Obama says too optimistic on "intractable" Mideast
WASHINGTON (Reuters) - U.S. President Barack Obama said in an interview published on Thursday he had underestimated the difficulty of resolving the Middle East conflict and had set his expectations too high in his first year.
"The Middle East peace process has not moved forward. And I think it's fair to say for all our efforts at early engagement, is not where I want it to be," Obama told Time Magazine.
"This is just really hard ... This is as intractable a problem as you get," the president said.
"... if we had anticipated some of these political problems on both sides earlier, we might not have raised expectations as high", he added.
Obama's envoy George Mitchell began a new round of shuttle diplomacy with Israel and the Palestinians on Thursday, resuming his mission after a dozen trips last year.
Each side accuses the other of trying to pre-empt peace negotiations, or set conditions in advance that prevent a relaunch of the talks that were suspended over a year ago.
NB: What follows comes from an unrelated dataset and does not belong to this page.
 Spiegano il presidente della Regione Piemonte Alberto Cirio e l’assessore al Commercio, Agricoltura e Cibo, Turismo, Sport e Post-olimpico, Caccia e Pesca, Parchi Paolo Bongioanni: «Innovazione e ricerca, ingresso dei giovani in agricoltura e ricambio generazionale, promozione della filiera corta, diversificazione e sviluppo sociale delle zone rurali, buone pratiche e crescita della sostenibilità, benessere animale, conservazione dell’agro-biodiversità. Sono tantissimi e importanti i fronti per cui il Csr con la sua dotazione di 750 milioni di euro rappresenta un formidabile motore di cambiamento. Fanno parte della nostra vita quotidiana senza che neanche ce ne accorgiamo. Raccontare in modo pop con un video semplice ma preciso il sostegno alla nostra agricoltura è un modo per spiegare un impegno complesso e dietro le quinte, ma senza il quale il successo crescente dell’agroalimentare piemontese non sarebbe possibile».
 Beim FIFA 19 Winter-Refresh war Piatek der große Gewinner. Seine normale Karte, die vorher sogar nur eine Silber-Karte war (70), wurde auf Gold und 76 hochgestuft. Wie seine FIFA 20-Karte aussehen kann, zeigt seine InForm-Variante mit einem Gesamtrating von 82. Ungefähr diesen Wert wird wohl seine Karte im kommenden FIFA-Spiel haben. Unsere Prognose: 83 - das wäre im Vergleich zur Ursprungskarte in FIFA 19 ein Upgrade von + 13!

Obama, who committed his administration to brokering an end to the 62-year-old conflict one year ago on taking office, said Mitchell "got blinded" by early progress on limiting Israeli settlement activity in the occupied West Bank.
The former senator "didn't see that it wasn't sufficient progress for the Palestinians".
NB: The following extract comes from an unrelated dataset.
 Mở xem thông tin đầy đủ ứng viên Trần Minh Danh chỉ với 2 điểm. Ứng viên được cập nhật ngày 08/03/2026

Palestinian President Mahmoud Abbas was mortified when Obama retreated from his original support for the Palestinian demand for a full freeze on settlement building before talks re-started, and instead signaled that "restraint" would do.
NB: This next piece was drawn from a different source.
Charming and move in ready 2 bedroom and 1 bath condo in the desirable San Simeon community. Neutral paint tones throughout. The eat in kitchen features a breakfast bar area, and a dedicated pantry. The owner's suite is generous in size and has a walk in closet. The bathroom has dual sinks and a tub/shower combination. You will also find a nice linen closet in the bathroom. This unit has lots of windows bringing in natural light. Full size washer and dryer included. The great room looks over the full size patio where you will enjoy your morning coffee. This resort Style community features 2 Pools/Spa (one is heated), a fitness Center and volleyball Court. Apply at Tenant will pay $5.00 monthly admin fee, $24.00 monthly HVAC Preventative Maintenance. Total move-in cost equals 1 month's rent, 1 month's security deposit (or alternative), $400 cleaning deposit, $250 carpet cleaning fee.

He has refused to resume negotiations despite Israel's November 25 decision to order a partial, 10-month freeze on settlement building on occupied land, and is now under American pressure to drop this condition and sit down at the negotiating table.
"I think the Israelis and Palestinians have found that the political environment, the nature of their coalitions, or the divisions within their societies were such that it was very hard for them to start engaging in a meaningful conversation," Obama told Time.
"And I think that we overestimated our ability to persuade them to do so when their politics ran contrary to that."
He noted that Abbas, a secular peacemaker, faced unrelenting challenges from the Palestinian Islamist movement Hamas which rejects peace with Israel and pours scorn on Abbas for rejecting armed struggle against the Jewish state.
At the same time, Israeli Prime Minister Benjamin Netanyahu is constrained by hard-right elements in his own coalition opposed to concessions in the name of peace.
The Israelis "after a lot of time showed a willingness to make some modifications in their policies" but "still found it very hard to move with any bold gestures", Obama added.
"I think it is absolutely true that what we did this year didn't produce the kind of breakthrough that we wanted."
"Moving forward, though, we are going to continue to work with both parties to recognize what I think is ultimately their deep-seated interest," Obama continued.
The goal is "a two-state solution in which Israel is secure and Palestinians have sovereignty and can start focusing on developing their economy and improving the lives of their children and grandchildren".